## REQUIRED WORK
Please print nothing but the lines from the one containing "Binding : Apparel" to the final line below, exactly, and no pictures.

## GIVEN MATERIAL
####################
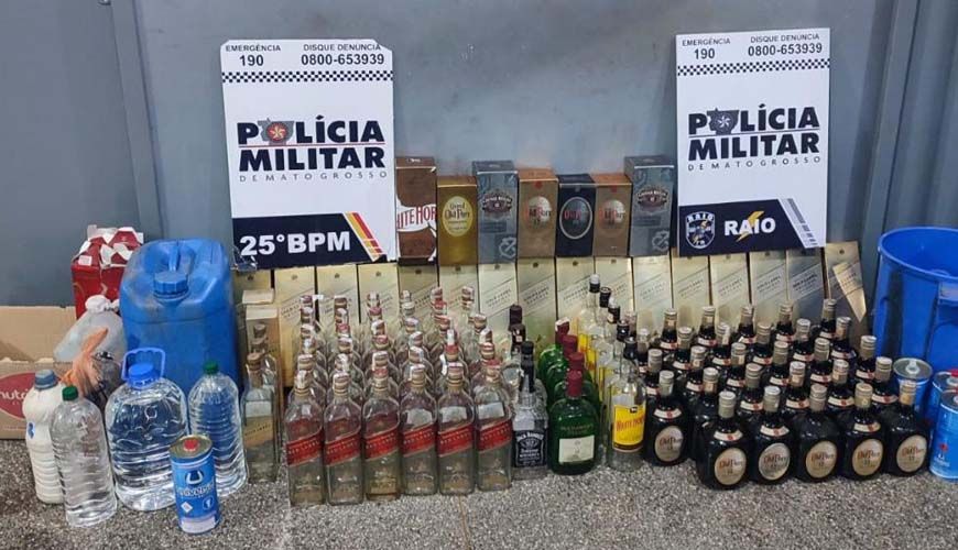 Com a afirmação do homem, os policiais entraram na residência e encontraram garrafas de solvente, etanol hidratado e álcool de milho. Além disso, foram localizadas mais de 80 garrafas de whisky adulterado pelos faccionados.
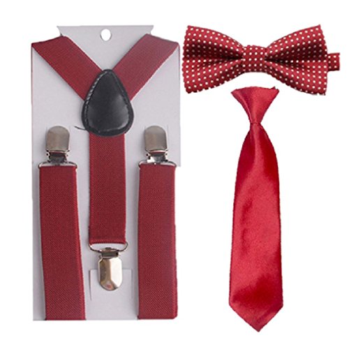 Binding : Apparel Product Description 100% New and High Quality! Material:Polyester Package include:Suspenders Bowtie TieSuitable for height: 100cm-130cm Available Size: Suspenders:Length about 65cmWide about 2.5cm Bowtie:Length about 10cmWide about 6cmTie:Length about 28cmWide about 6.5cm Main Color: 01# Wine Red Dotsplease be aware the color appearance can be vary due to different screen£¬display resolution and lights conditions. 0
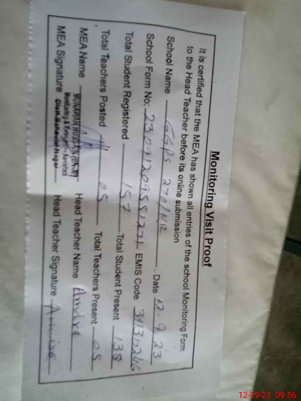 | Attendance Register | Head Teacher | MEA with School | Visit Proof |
####################
## WRITTEN ANSWER
 Binding : Apparel Product Description 100% New and High Quality! Material:Polyester Package include:Suspenders Bowtie TieSuitable for height: 100cm-130cm Available Size: Suspenders:Length about 65cmWide about 2.5cm Bowtie:Length about 10cmWide about 6cmTie:Length about 28cmWide about 6.5cm Main Color: 01# Wine Red Dotsplease be aware the color appearance can be vary due to different screen£¬display resolution and lights conditions. 0
 | Attendance Register | Head Teacher | MEA with School | Visit Proof |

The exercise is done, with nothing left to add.